─── Records for this exercise ───
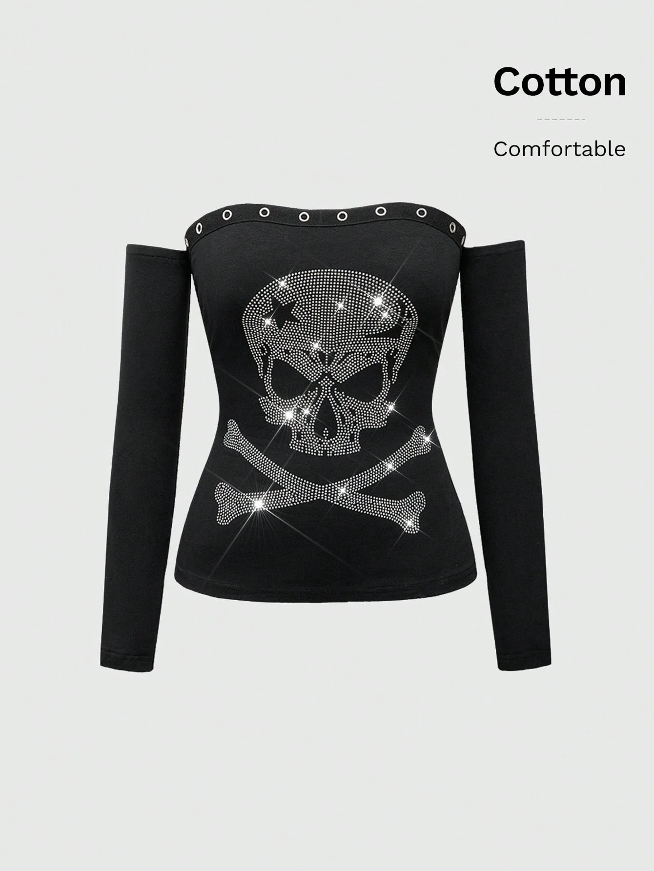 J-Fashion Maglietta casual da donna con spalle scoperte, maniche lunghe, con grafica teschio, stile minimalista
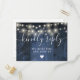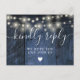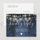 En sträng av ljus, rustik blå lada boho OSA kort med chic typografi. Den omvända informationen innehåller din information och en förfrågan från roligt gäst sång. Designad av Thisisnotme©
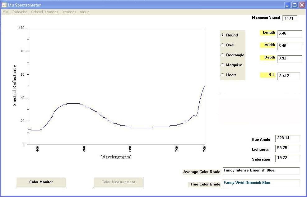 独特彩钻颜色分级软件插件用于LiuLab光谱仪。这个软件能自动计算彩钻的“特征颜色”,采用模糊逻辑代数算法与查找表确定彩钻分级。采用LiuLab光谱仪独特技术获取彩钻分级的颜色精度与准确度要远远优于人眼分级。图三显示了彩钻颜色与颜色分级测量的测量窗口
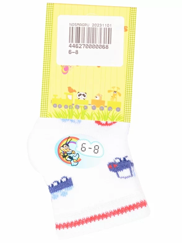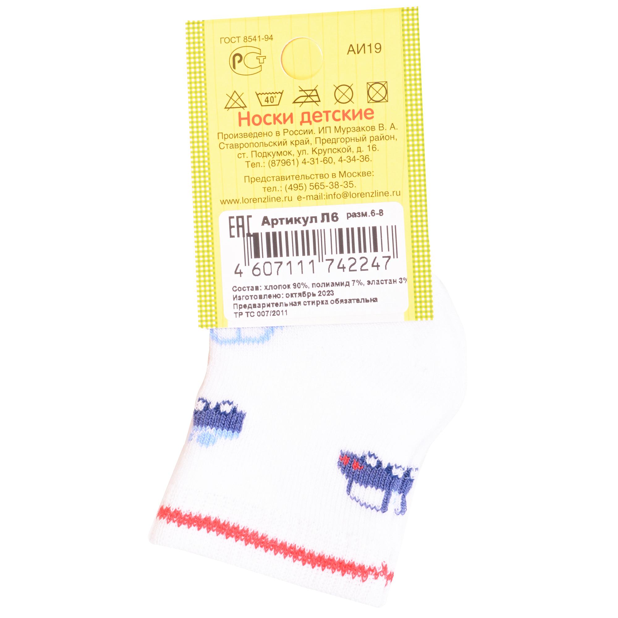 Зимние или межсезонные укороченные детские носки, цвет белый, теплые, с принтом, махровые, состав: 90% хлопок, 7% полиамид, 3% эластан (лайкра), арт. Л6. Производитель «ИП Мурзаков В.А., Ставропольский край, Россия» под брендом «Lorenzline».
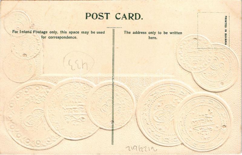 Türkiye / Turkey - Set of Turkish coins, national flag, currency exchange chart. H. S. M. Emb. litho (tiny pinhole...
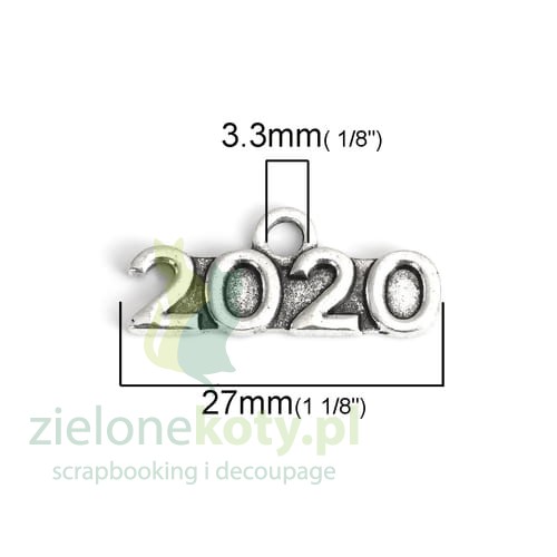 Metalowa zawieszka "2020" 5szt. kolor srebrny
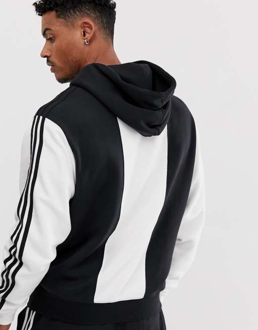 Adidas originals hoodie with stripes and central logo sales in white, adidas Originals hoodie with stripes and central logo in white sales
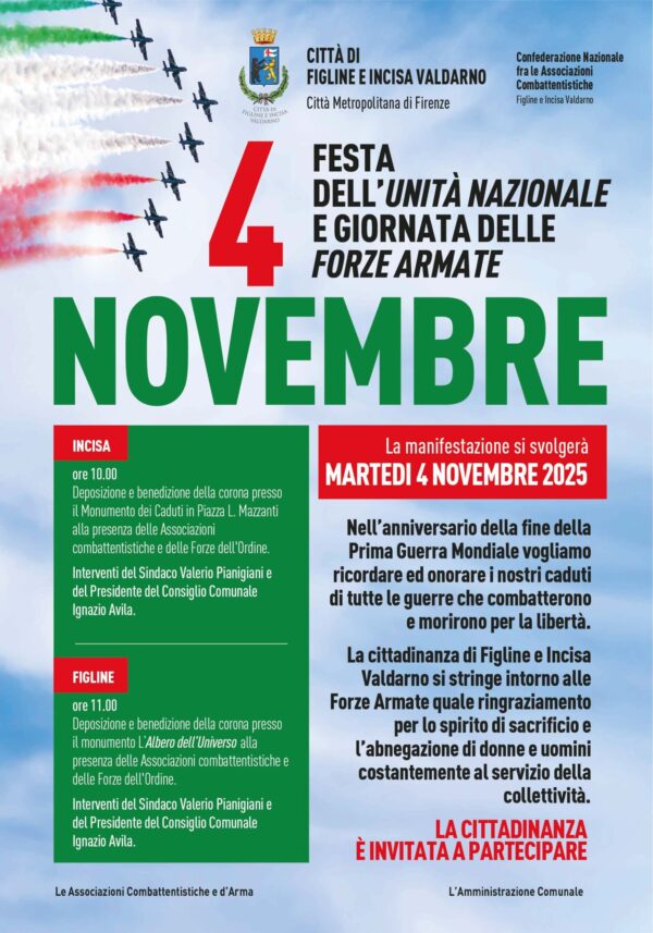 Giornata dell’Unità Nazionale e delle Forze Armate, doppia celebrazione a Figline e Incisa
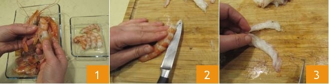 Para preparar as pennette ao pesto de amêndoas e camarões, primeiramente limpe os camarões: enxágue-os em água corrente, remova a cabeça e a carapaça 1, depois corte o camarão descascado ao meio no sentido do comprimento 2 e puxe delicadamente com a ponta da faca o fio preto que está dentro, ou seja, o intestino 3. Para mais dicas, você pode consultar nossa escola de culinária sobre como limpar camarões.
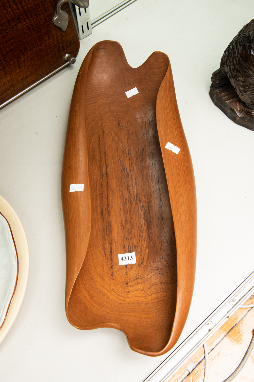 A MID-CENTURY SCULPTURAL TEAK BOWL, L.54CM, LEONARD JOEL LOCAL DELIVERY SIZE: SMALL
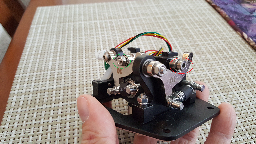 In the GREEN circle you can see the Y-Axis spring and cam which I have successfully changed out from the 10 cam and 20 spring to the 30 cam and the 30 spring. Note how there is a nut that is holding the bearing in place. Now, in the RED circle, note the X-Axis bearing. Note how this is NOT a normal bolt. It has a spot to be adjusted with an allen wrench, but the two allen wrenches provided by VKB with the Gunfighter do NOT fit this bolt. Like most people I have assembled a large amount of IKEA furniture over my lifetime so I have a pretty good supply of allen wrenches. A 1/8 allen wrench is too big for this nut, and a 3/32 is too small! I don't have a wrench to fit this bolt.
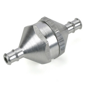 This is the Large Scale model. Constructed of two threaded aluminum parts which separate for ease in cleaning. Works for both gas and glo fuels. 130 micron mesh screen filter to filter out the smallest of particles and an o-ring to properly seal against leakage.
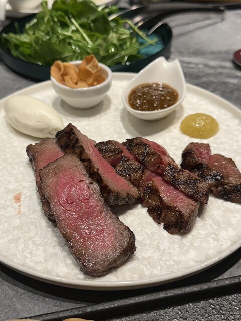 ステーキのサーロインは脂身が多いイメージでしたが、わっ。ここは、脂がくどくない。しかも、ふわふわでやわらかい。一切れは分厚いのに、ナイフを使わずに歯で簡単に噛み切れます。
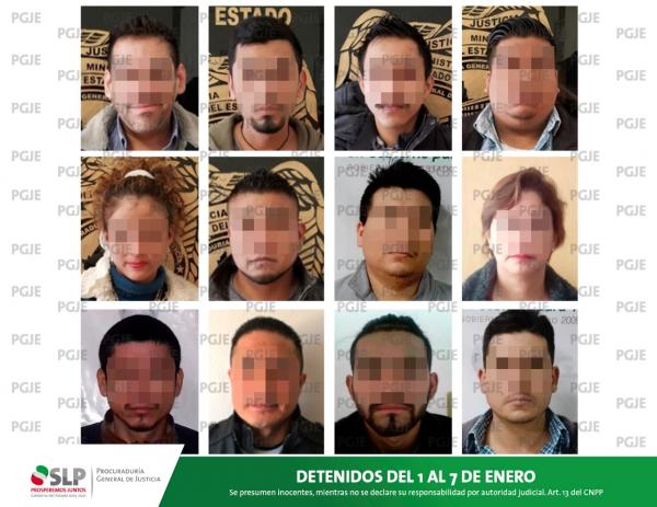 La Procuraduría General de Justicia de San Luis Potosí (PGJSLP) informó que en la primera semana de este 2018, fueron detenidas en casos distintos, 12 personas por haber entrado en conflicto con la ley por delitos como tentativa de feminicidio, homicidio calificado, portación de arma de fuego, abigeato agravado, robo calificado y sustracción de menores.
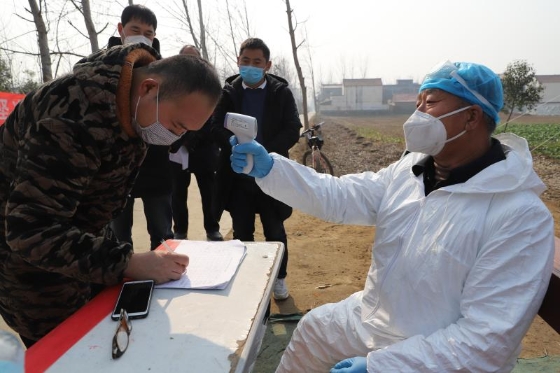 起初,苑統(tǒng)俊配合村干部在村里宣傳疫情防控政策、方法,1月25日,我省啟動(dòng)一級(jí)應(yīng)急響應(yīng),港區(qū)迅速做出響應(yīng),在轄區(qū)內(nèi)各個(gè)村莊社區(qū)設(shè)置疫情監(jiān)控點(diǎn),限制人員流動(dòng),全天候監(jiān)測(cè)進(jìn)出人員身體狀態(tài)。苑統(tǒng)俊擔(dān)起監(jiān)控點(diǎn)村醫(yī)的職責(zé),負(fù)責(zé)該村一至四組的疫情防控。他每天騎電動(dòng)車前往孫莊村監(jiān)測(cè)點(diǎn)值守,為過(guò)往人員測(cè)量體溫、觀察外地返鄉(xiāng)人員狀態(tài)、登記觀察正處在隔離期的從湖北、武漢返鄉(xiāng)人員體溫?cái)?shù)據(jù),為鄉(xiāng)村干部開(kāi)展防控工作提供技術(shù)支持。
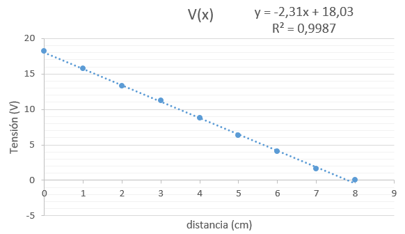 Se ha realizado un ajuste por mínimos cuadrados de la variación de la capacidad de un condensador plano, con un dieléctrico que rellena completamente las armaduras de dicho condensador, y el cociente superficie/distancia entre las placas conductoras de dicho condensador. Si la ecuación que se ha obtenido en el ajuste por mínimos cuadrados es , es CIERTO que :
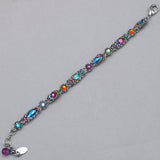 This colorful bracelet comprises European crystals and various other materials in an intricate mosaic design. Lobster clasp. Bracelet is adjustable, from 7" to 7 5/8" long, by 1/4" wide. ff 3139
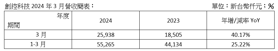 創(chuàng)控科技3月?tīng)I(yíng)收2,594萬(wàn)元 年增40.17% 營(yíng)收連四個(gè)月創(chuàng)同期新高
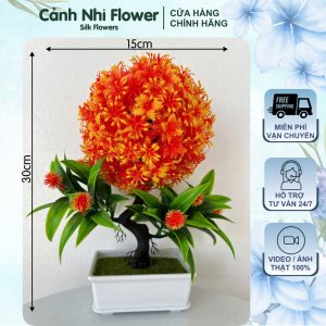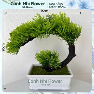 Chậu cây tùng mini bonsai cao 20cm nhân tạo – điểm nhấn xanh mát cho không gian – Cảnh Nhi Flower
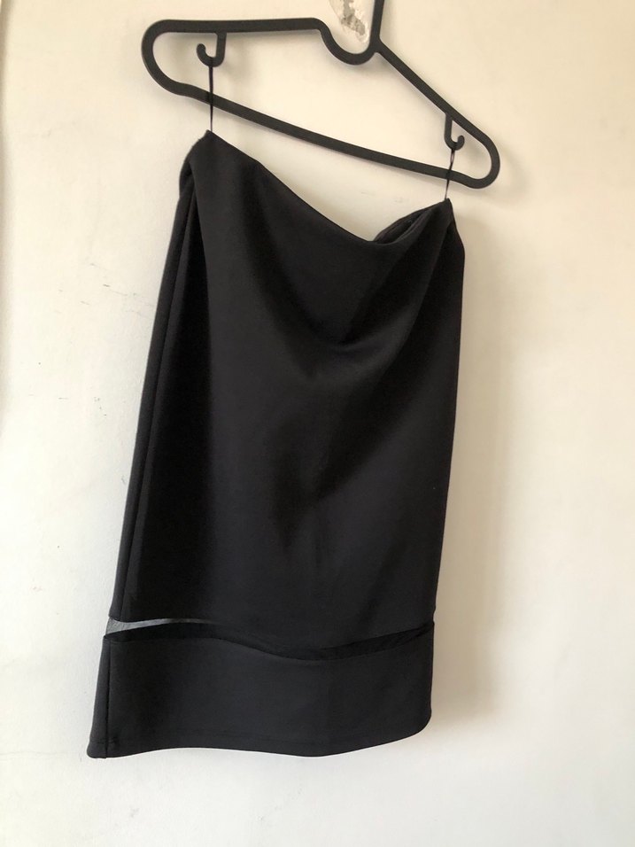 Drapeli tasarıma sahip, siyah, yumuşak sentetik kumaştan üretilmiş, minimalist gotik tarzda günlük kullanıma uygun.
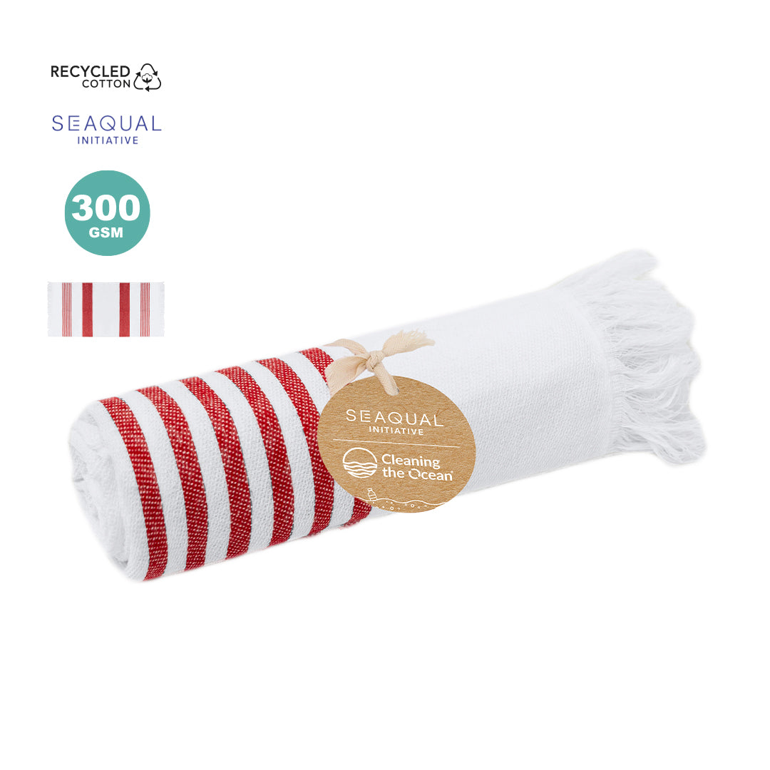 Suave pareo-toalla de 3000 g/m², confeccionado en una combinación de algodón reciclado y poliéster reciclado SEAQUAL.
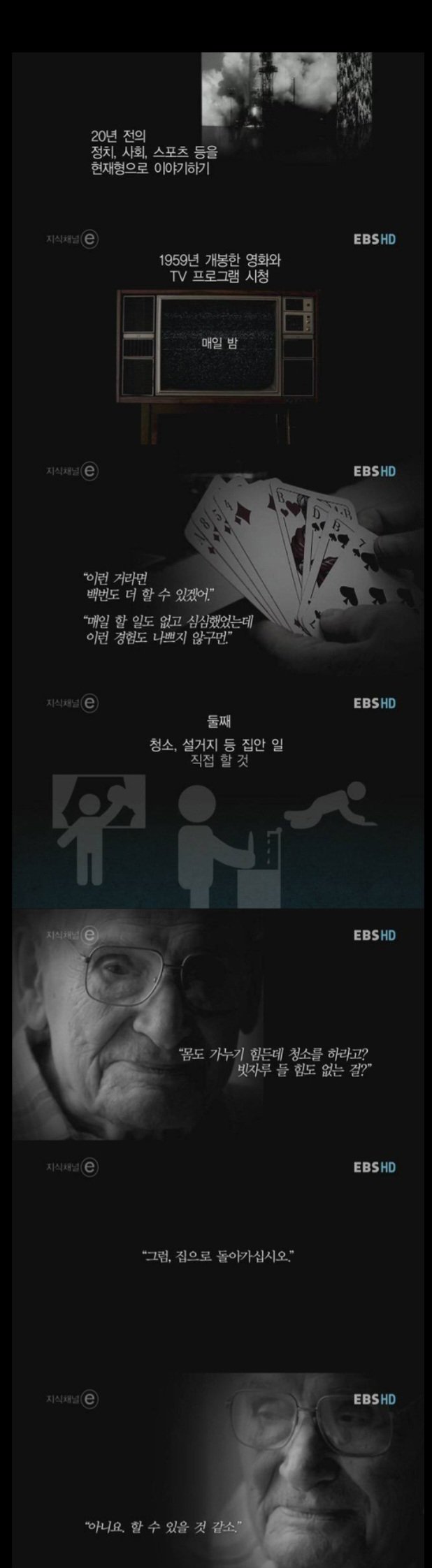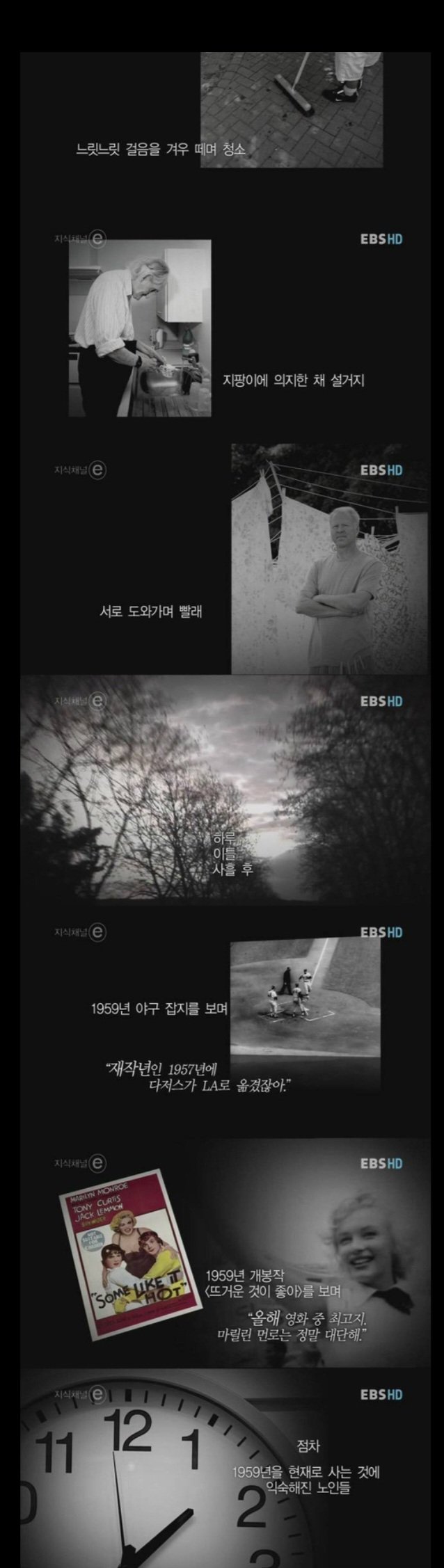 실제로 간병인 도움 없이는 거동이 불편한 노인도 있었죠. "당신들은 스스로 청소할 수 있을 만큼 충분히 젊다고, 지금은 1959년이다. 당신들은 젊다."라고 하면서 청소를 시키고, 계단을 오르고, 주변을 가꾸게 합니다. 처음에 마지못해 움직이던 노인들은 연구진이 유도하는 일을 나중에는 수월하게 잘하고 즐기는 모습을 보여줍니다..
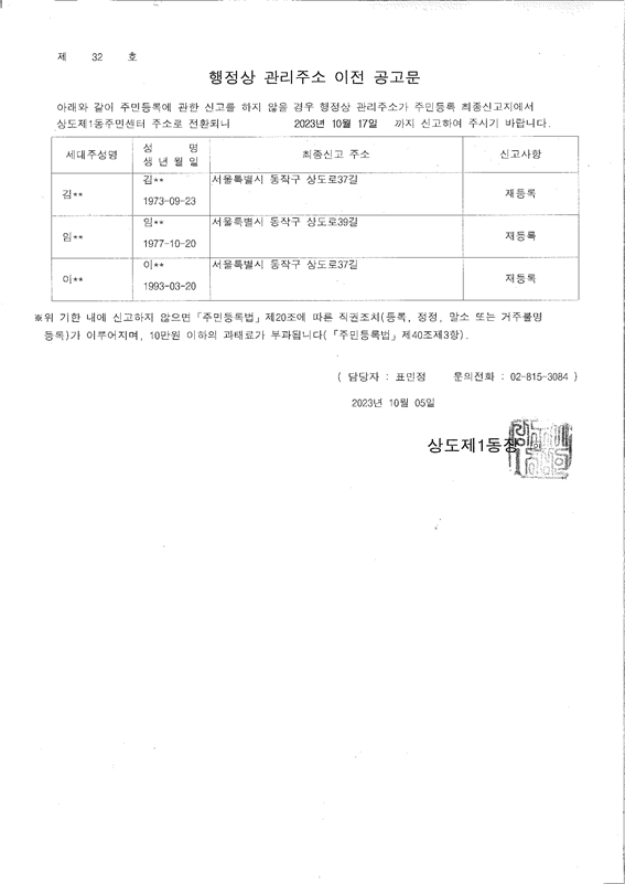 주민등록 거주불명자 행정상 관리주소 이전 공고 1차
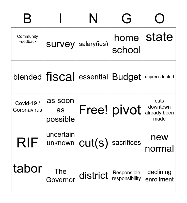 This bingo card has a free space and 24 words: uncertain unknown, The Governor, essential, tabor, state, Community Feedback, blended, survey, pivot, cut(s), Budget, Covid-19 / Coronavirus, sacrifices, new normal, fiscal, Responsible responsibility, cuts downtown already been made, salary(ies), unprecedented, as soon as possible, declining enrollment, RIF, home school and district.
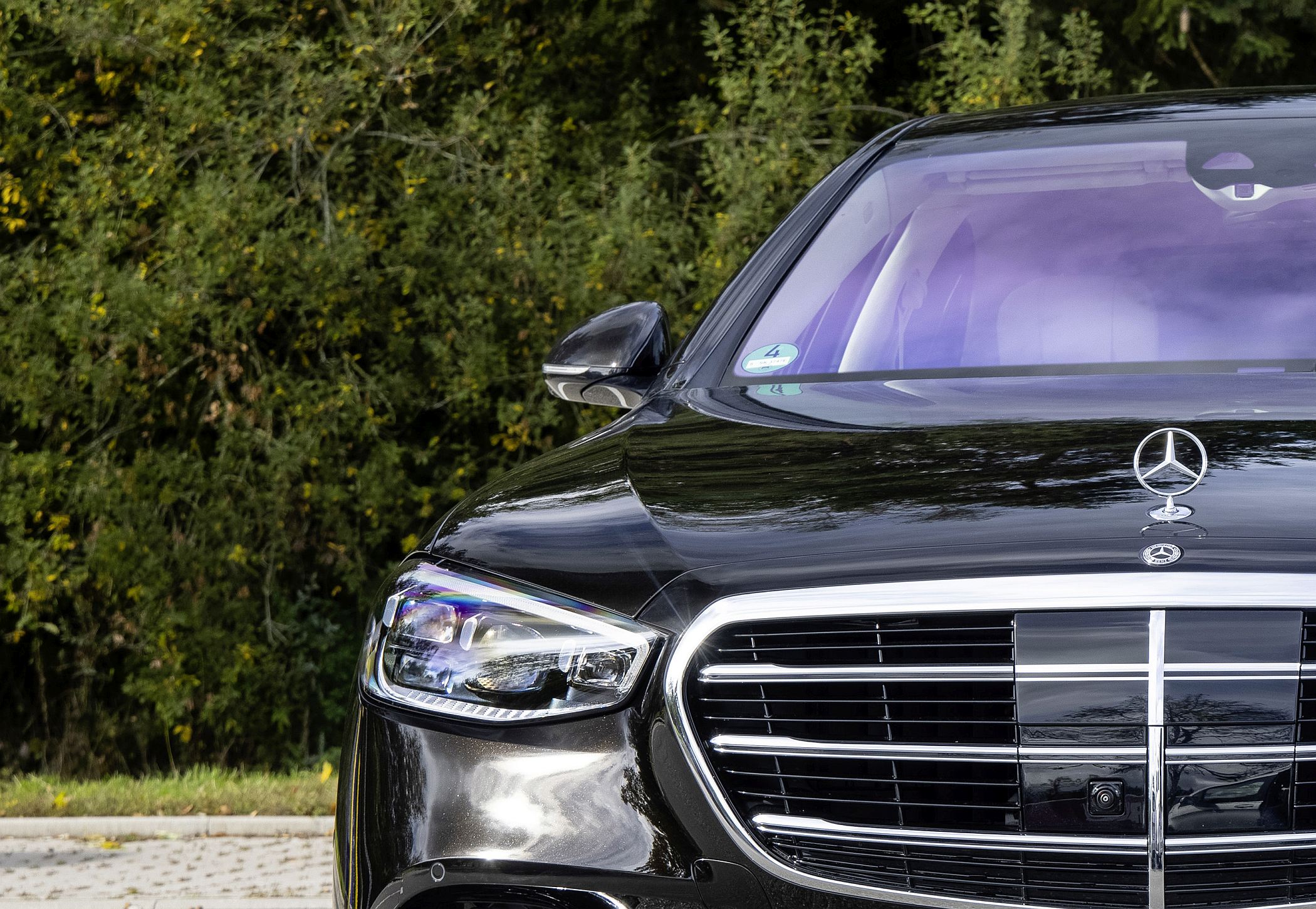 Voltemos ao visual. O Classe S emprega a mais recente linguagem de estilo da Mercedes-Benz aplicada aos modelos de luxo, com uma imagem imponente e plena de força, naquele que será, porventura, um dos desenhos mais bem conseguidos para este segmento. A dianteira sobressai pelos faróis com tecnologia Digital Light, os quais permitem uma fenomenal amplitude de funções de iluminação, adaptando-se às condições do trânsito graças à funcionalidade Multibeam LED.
───
Work request ->
Quote, exactly and only, the lines from the first line of the data above through the line containing "独特彩钻颜色分级软件插件用于". The pictures do not belong in it.

Exercise response ->
 J-Fashion Maglietta casual da donna con spalle scoperte, maniche lunghe, con grafica teschio, stile minimalista
 En sträng av ljus, rustik blå lada boho OSA kort med chic typografi. Den omvända informationen innehåller din information och en förfrågan från roligt gäst sång. Designad av Thisisnotme©
 独特彩钻颜色分级软件插件用于LiuLab光谱仪。这个软件能自动计算彩钻的“特征颜色”,采用模糊逻辑代数算法与查找表确定彩钻分级。采用LiuLab光谱仪独特技术获取彩钻分级的颜色精度与准确度要远远优于人眼分级。图三显示了彩钻颜色与颜色分级测量的测量窗口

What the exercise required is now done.